Though judges increasingly complain that the guidelines limit their ability to tailor justice to individual cases, they have largely cured the inequities that Frankel identified.

But in 2000, the Supreme Court decided Apprendi v. New Jersey, in which the court struck down a 12-year state sentence for a gun crime because it had been increased from 10 years based only on a judge's finding that the crime had been motivated by racial bias.

Other than the fact of a prior conviction, a five-member majority of the court announced in an opinion by Stevens, "any fact that increases the penalty for a crime beyond the prescribed statutory maximum must be submitted to a jury, and proved beyond a reasonable doubt."
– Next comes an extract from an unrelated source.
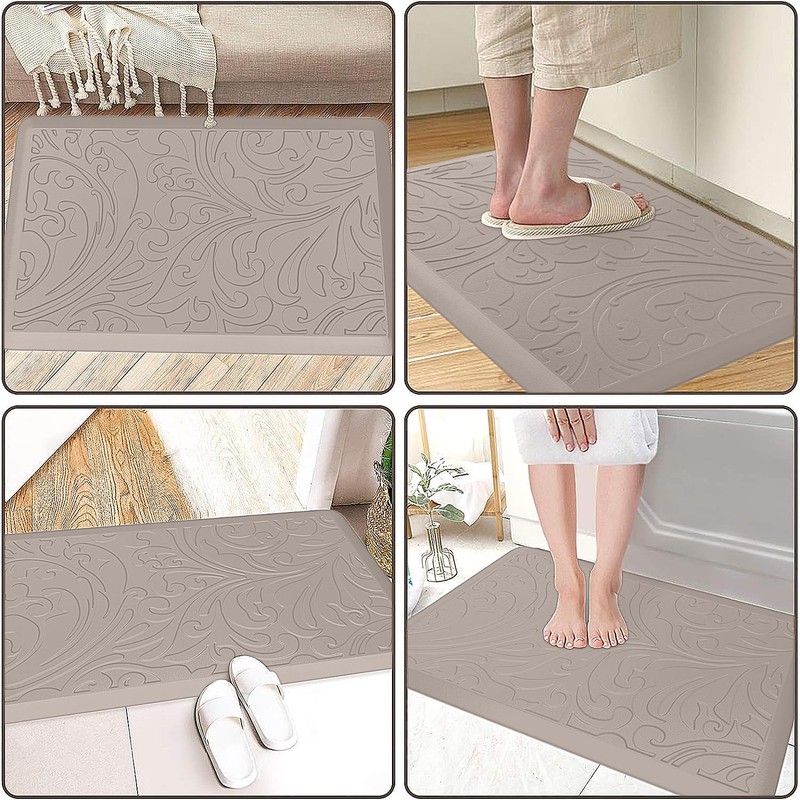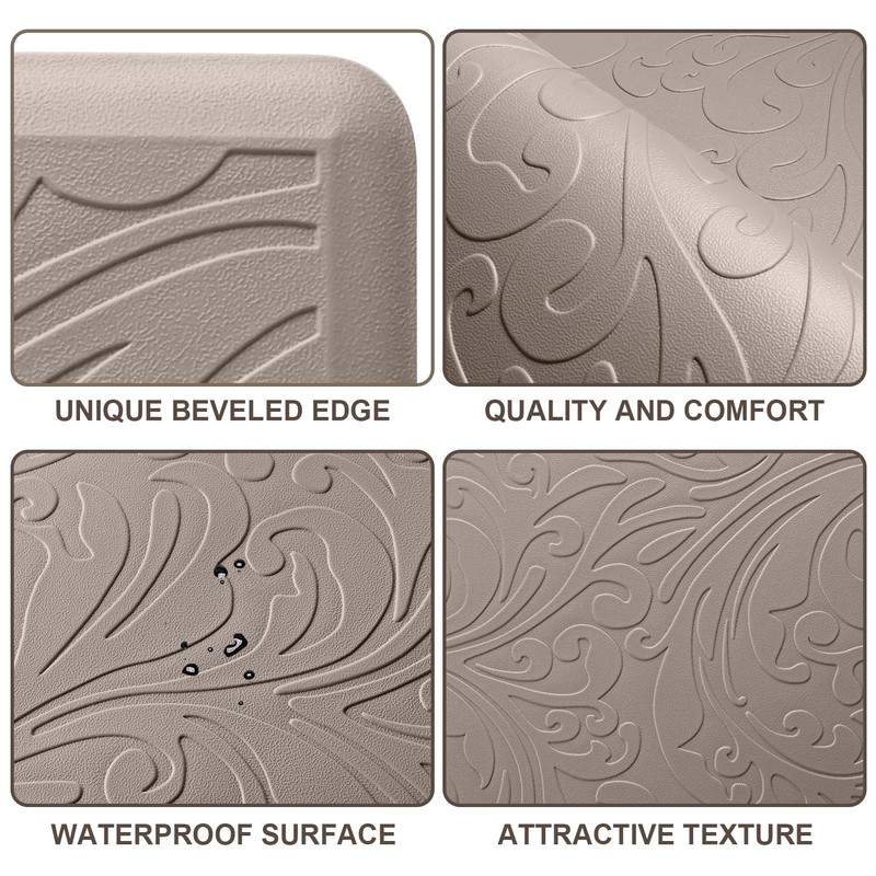 - ANTI SLIP: the cushioned comfort mat is designed with a unique beveled edge; the water-resistant top area has an attractive texture and the underside is super non-slip bottom, helpful to prevent tripping and slipping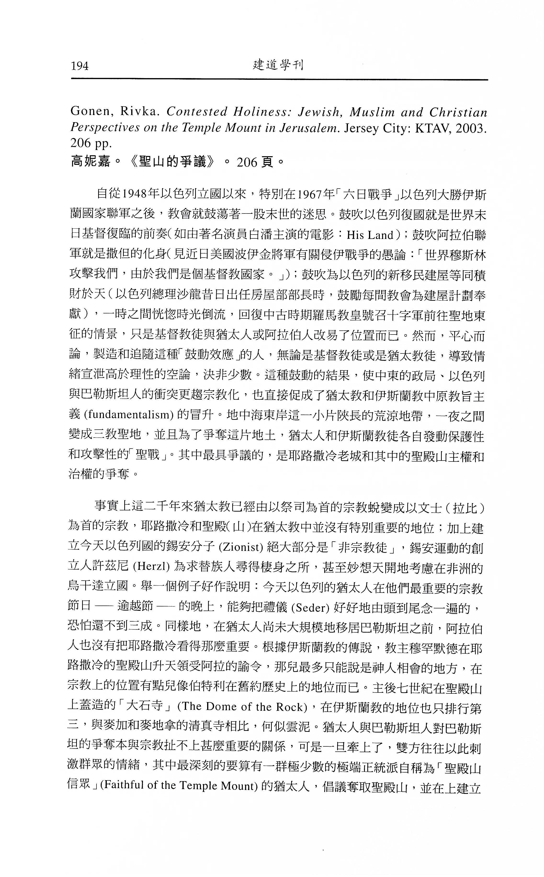 高妮嘉。《聖山的爭議》。(Gonen, Rivka. Contested Holiness: Jewish, Muslim And Christian Perspectives On The Temple Mount In Jerusalem.)/甘汝誠

At the time, Breyer, who played a role in developing the guidelines as a Senate aide and federal appeals judge, predicted that Apprendi would destroy them. And with the liberal-conservative alliance on the court that voted for Apprendi -- Stevens, Scalia, Souter, Thomas and Ginsburg -- sticking together in Blakely, that prediction came true.

While Breyer, O'Connor and others protest that Blakely's benefit to defendants is far outweighed by the cost in legal disruption, opponents of the guidelines insist that whatever equity in sentencing they achieved was at the expense of defendants' right to face a jury of their peers.

Judges must only conclude that sentencing "factors" have been proved by a preponderance of the evidence, rather than the jury's tougher "beyond a reasonable doubt" standard.

This unduly increases the leverage of prosecutors, defense attorneys argue, giving them the upper hand in plea negotiations, through which about 97 percent of the 65,000 federal convictions in fiscal 2002 were achieved. In their view, the ultimate impact of Blakely will simply be a shift in favor of defendants during plea bargaining.

"Given past experience, there is no reason to believe that Blakely-specific indictments will cause an increase -- much less a catastrophic increase -- in trials," the National Association of Federal Defenders told the court in a friend-of-the-court brief. "Rather, the more specific allegations give the parties specific details with which to reach successful compromise and negotiations."

But, in its brief defending the guidelines, the Bush administration argues that Blakely should not apply to the federal guidelines because, unlike the Washington state guidelines, they were created not directly by statute but by a commission within the judicial branch.

The commission's work is "the accumulated judicial wisdom about the facts that matter at sentencing," the brief notes.

If the court throws out the guidelines, the issue will return to Congress. Early congressional reactions to Blakely suggest that the ultimate result of scrapping the guidelines would be harsher penalties prescribed by politicians reluctant to be seen as soft on crime.

"[I]t may take only a couple of lenient sentences in high-profile cases to raise enough of a stir to increase mandatory minimum penalties," Sen. Orrin G. Hatch (R-Utah) said at a July 13 hearing of the Senate Judiciary Committee.